Blockchain Association files further FOIA requests over banking closures

Regulation

More Freedom of Information Act requests seeking information on recently closed crypto-friendly banks have been submitted by cryptocurrency advocacy group the Blockchain Association to two regulators.

On April 14, the association said that it had filed Freedom of Information Law requests to the Federal Housing Finance Agency and the New York Department of Financial Services, a little over a month after initially filing for further information from the Federal Deposit Insurance Corporation, the Board of Governors of the Federal Reserve System and the Office of the Comptroller of the Currency.

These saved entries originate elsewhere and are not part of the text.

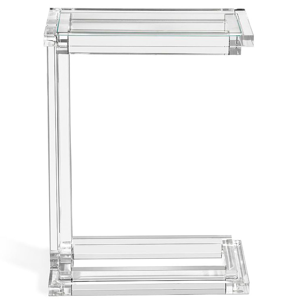 Clear acrylic and crystal glass transform the Elle Hugging Table into a versatile of-the-moment statement. Intricate channeling along the legs and apron elevate this classic silhouette.
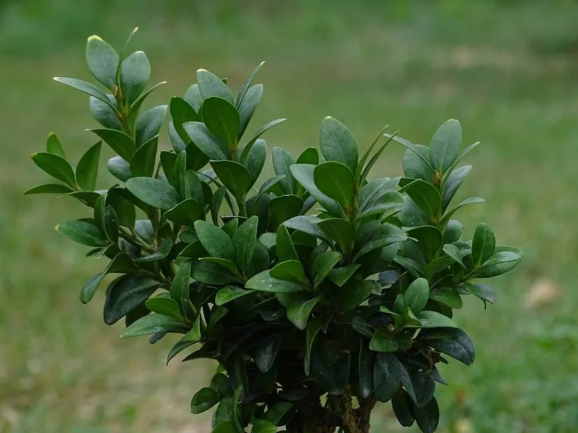 Самшит вечнозеленый – обладатель темно-зеленой глянцевой листвы до 3 см в длину. Чаще это дерево, кустарники встречаются редко. Популярные сорта:
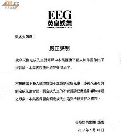 英皇娛樂(lè)發(fā)出的嚴(yán)正聲明指,陳偉霆從不認(rèn)識(shí)劉定成,也從來(lái)沒(méi)有與劉會(huì)面。聲明指劉定成的不實(shí)言論已嚴(yán)重影響陳偉霆之形象,該集團(tuán)會(huì)保留向劉追究法律責(zé)任之權(quán)利。陳偉霆昨響應(yīng)事件時(shí)也表明:“絕對(duì)沒(méi)有這件事,不明白為什么有人拿我來(lái)開(kāi)玩笑,但公司連到底有沒(méi)有這件事都沒(méi)有問(wèn)過(guò)我!”英皇藝人管理及唱片部總監(jiān)霍汶希也怒轟:“這個(gè)人的言論不可信,影響到公司旗下藝人!”
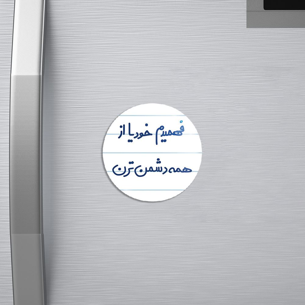 مگنت فهمیدم خودیا از همه دشمن ترن خندالو با روکش سلفون مات مخملی ضدخش و قطعه پشتی فلزی تولید شده است که آهنربای اتمی بکار برده شده در محصول، بصورت مخفی تعبیه شده ودیده نمی شود. ضمن اینکه گیرایی بسیار بالایی داشته و به هیچ عنوان از روی یخچال نمی افتد. نکته مهم این است که به دلیل مخفی بودن آهنربا، هیچگونه خط و خش و زدگی بر روی یخچال ایجاد نخواهد شد. چاپ مگنت یخچال فهمیدم خودیا از همه دشمن ترن نیز با دستگاه های استاندارد و با بهترین سطح کیفیت صورت گرفته و طرح با شفافیتی مثال زدنی و با سلفون چسبی تولید شده است که باعث شده محصول نهایی بدون شکست نور دیده شود. همچنین بسته بندی جذاب و مینیمال مگنت های یخچالی، آنها را مناسب هدیه کرده است. مگنت فهمیدم خودیا از همه دشمن ترن خندالو علاوه بر روی یخچال بر هر سطح فلزی دیگری مثل لولای در اتاق، کمد های آهنی و … نیز قابل نصب است.
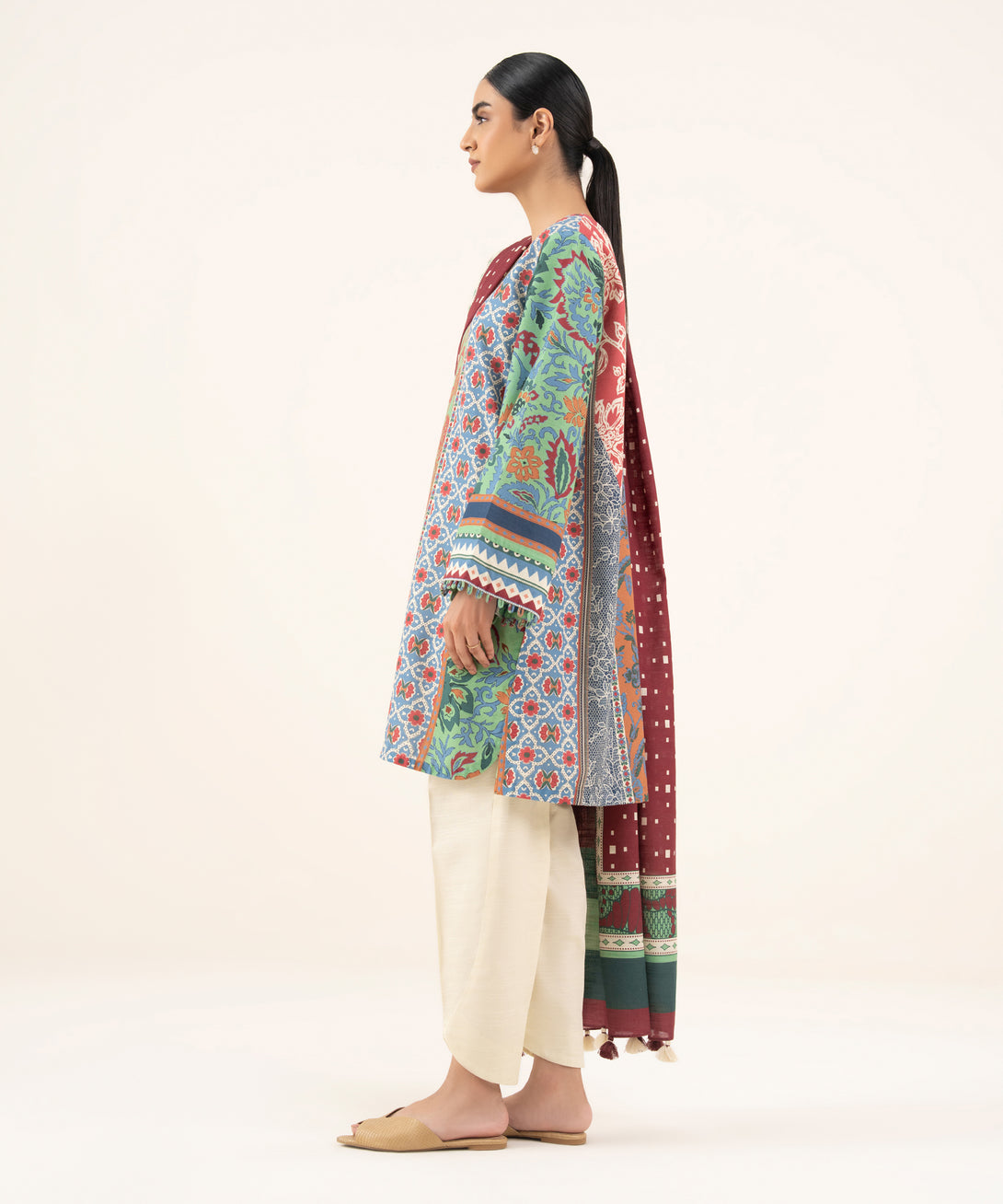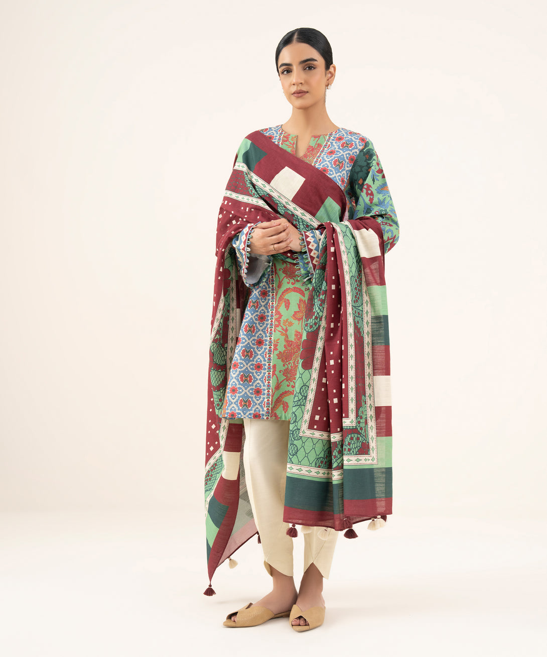 Make a statement with our two-piece printed ensemble featuring a multicoloured light khaddar shirt paired with a blended shawl.
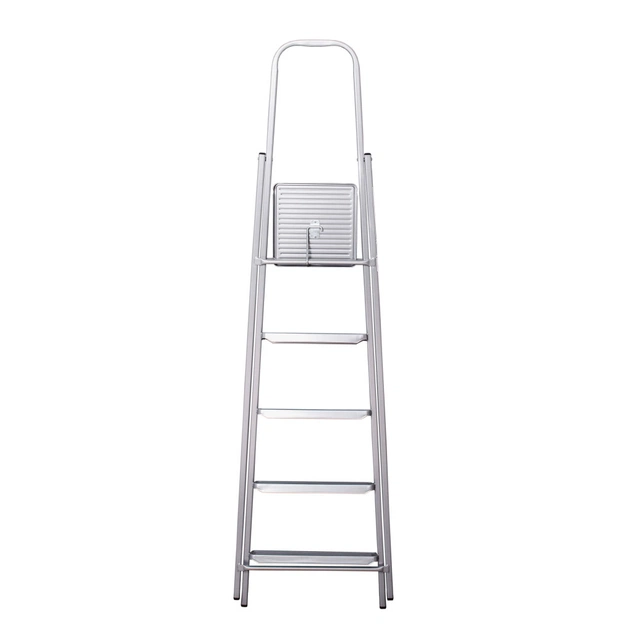 Надійна та стійка сталева драбина. Захисне епоксидне покриття робить виріб більш зносостійким. Ребриста поверхня сходинок протидіє ковзанню. Висока ручка надає додаткової зручності, дозволяючи відчувати себе безпечніше на висоті. Система складання забезпечує компактність та легкість у зберіганні.
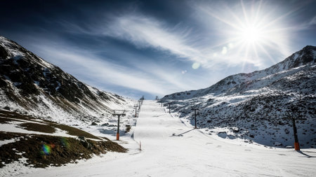 Ski lifts durings bright winter day
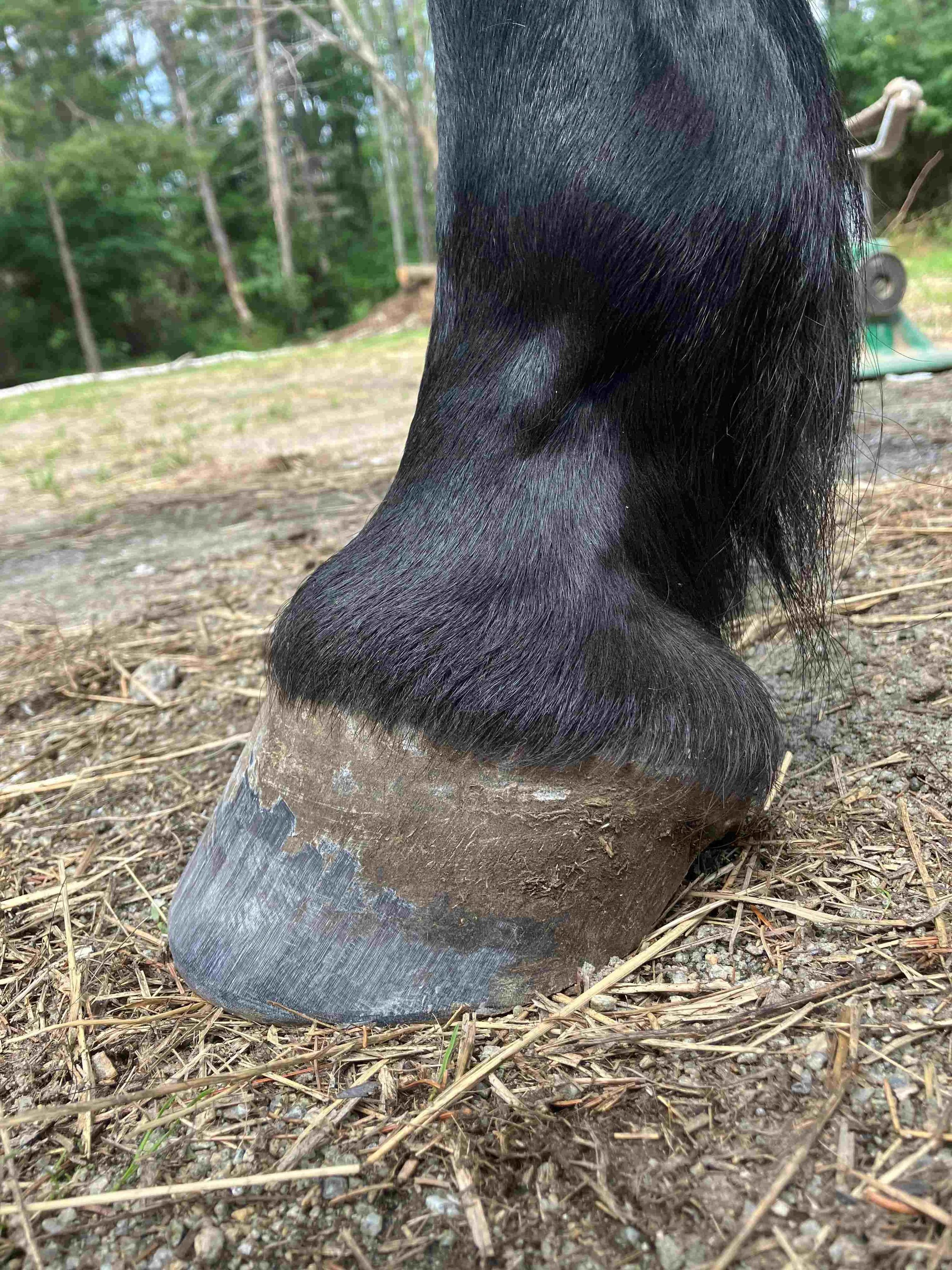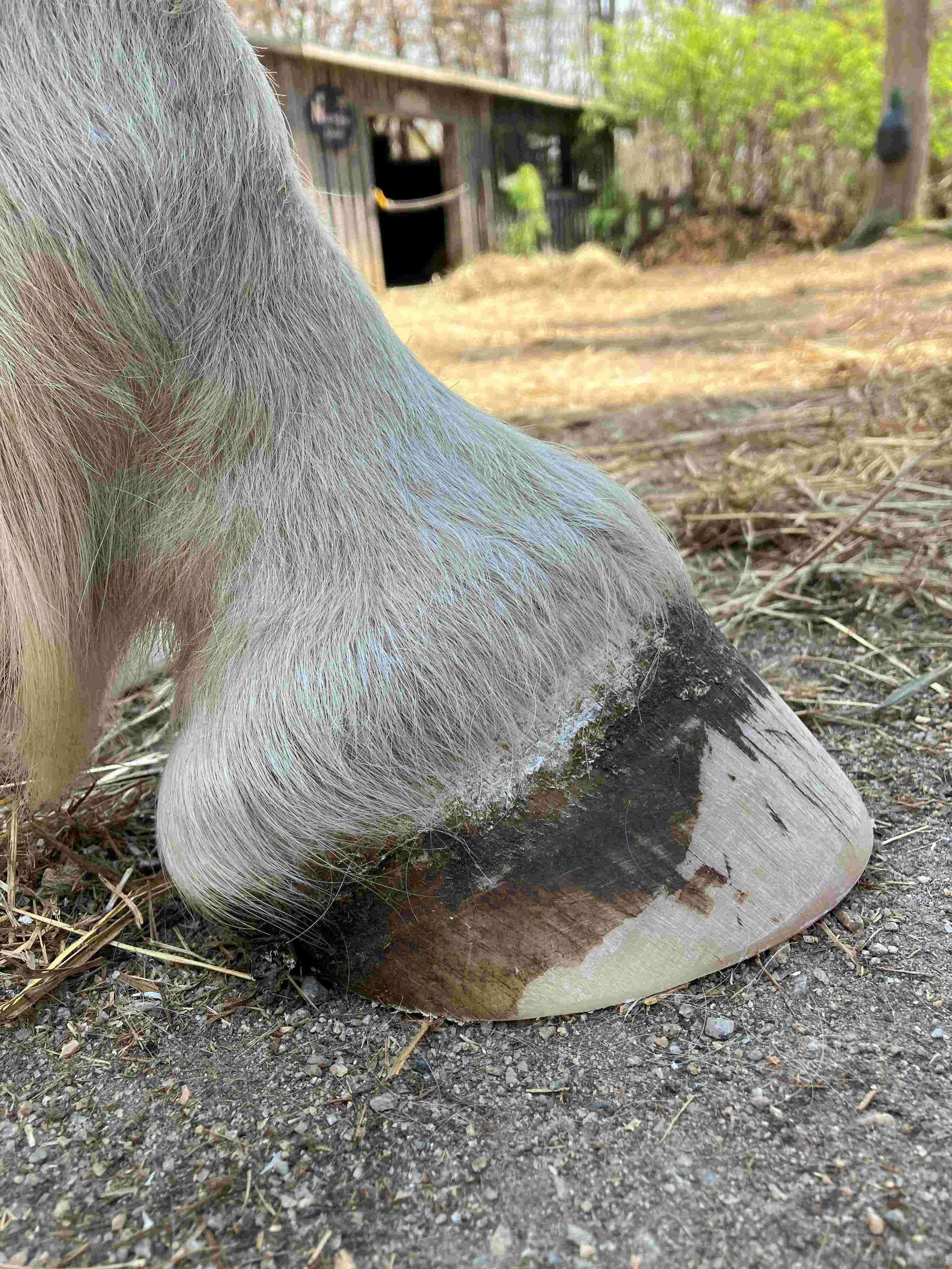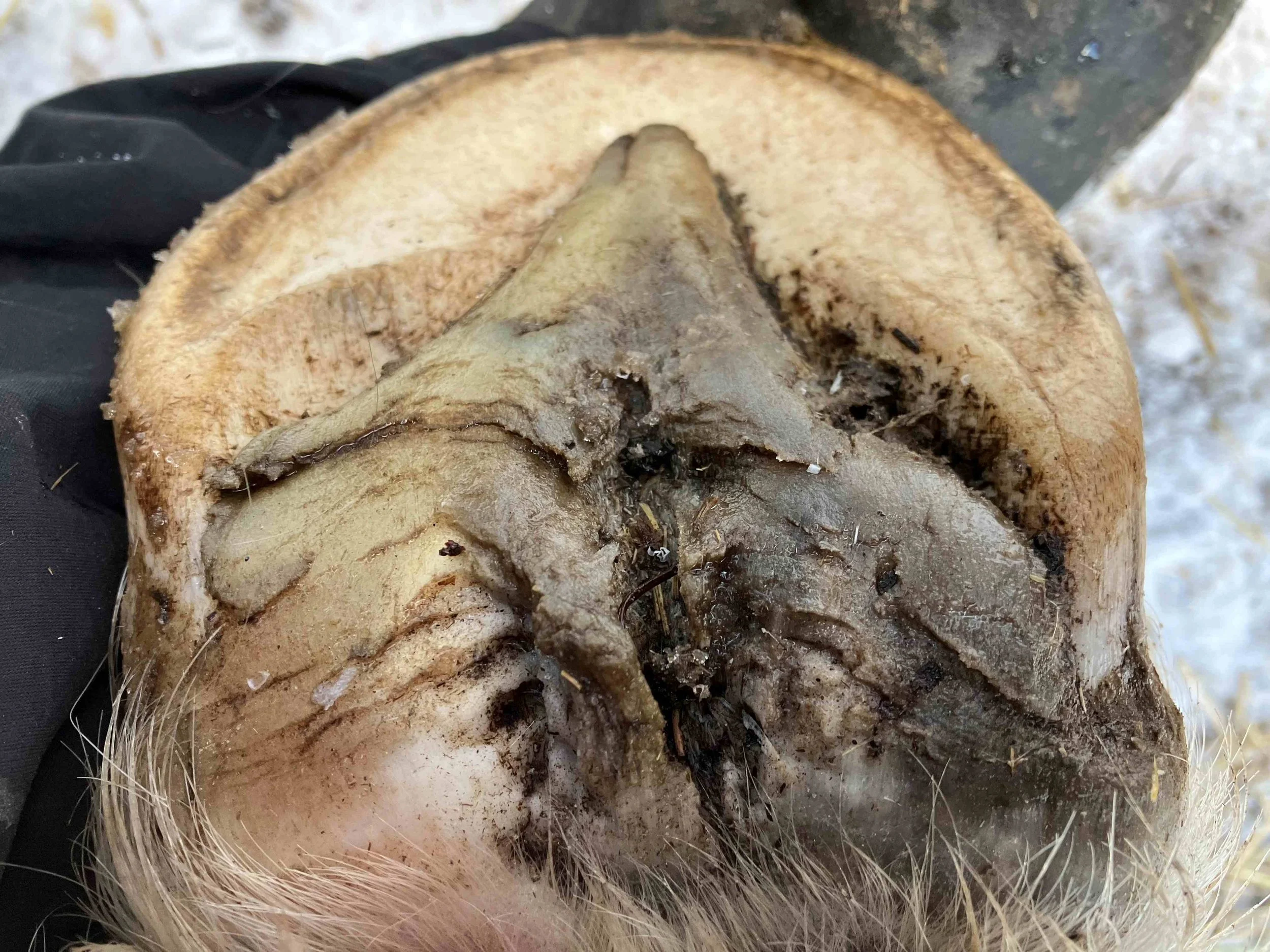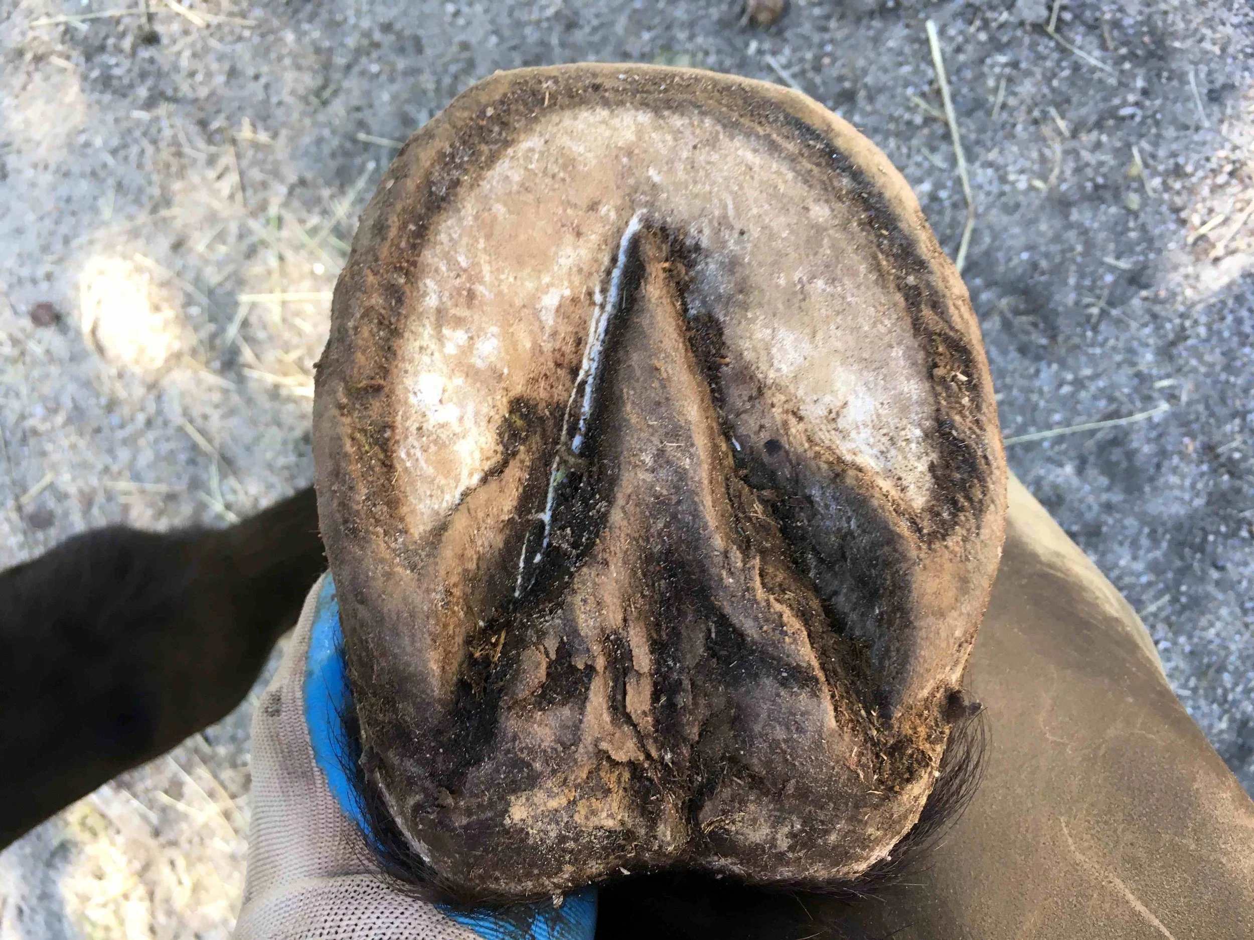 Left hind pre-trim February 2023 — the dark blue/grey color of the bruised tissue is lessening; frog and bulbs are increasing in mass
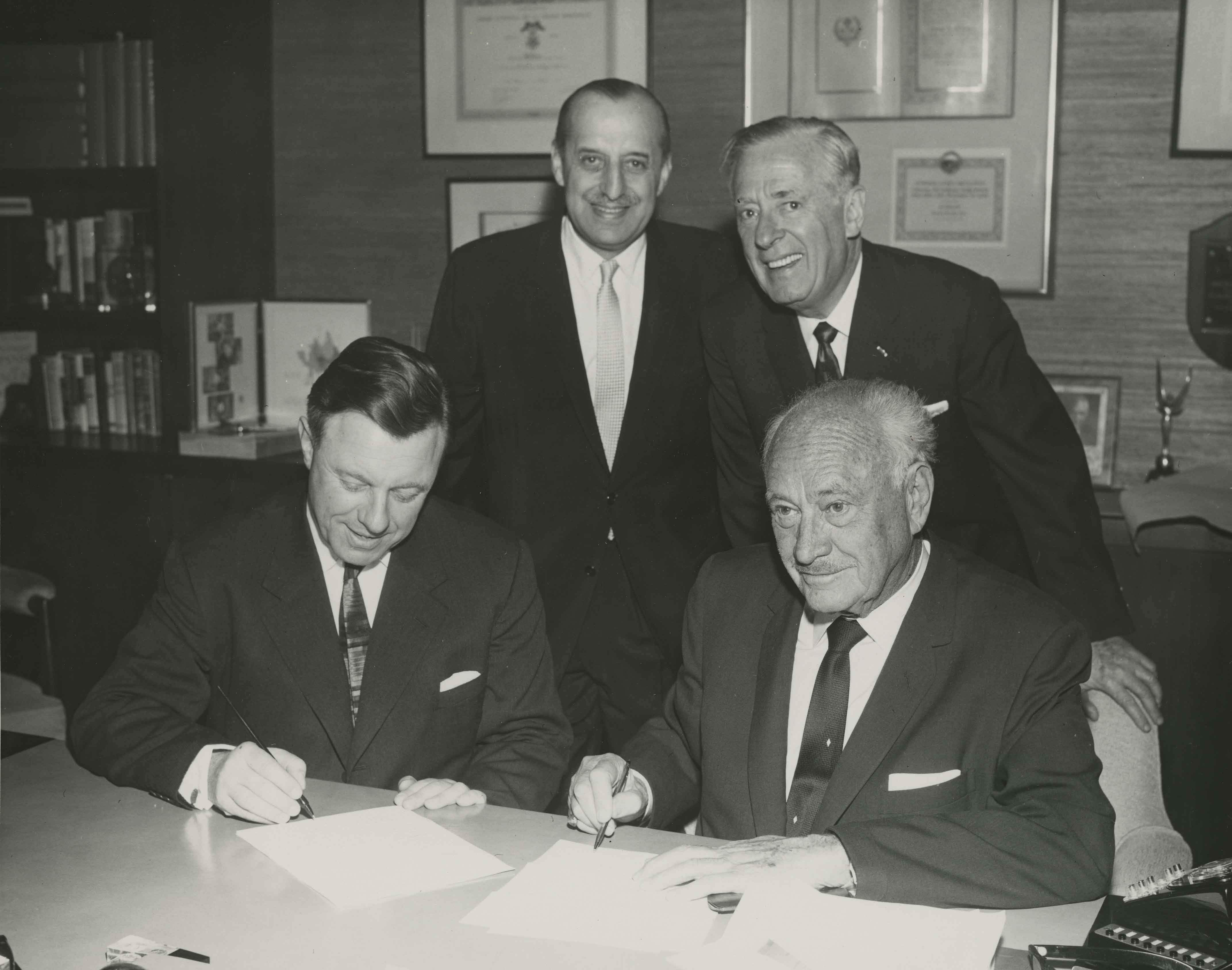 The hotelier Conrad Hilton (seated right) and Nathaniel Kann (standing left) signing papers related to the construction of the Tel Aviv Hilton.

The organization is seeking further information on the de-banking of crypto companies following the seizure of Signature Bank and the failure of Silvergate Bank.

The BA said that its request to the NYDFS was to:

“Seek to understand whether the closure of Signature Bank was the result of the bank’s insolvency or a decision to send an anti-crypto message despite the bank being fully solvent.”

The association also reported that it was investigating whether the failure of Silvergate “was the result of a politically-motivated decision by the Federal Home Loan Bank of San Francisco, which is overseen by the FHFA, to take the extraordinary and unusual action of pulling a loan made to Silvergate only months earlier.”

In early March, Silvergate’s parent company announced it would “wind down operations” for the crypto and tech-focused bank. Its peer, Silicon Valley Bank, collapsed on March 10 following a bank run. The Treasury, Federal Reserve, and other agencies closed Signature Bank on March 12.

On April 16, the Blockchain Association and the DeFi Education Fund filed a brief in a United States District Court over the sanctioning of Tornado Cash.

Related: Crypto regulation decided by Congress, not the SEC: Blockchain Association

The Blockchain Association is an advocacy and lobbying group for the crypto sector, with around a hundred members that include industry executives, investors, companies, organizations, and projects.

In 2022, the association spent $1.9 million lobbying the U.S. government, according to campaign finance data firm OpenSecrets.

Cointelegraph contacted the Blockchain Association for further details but did not immediately receive a response.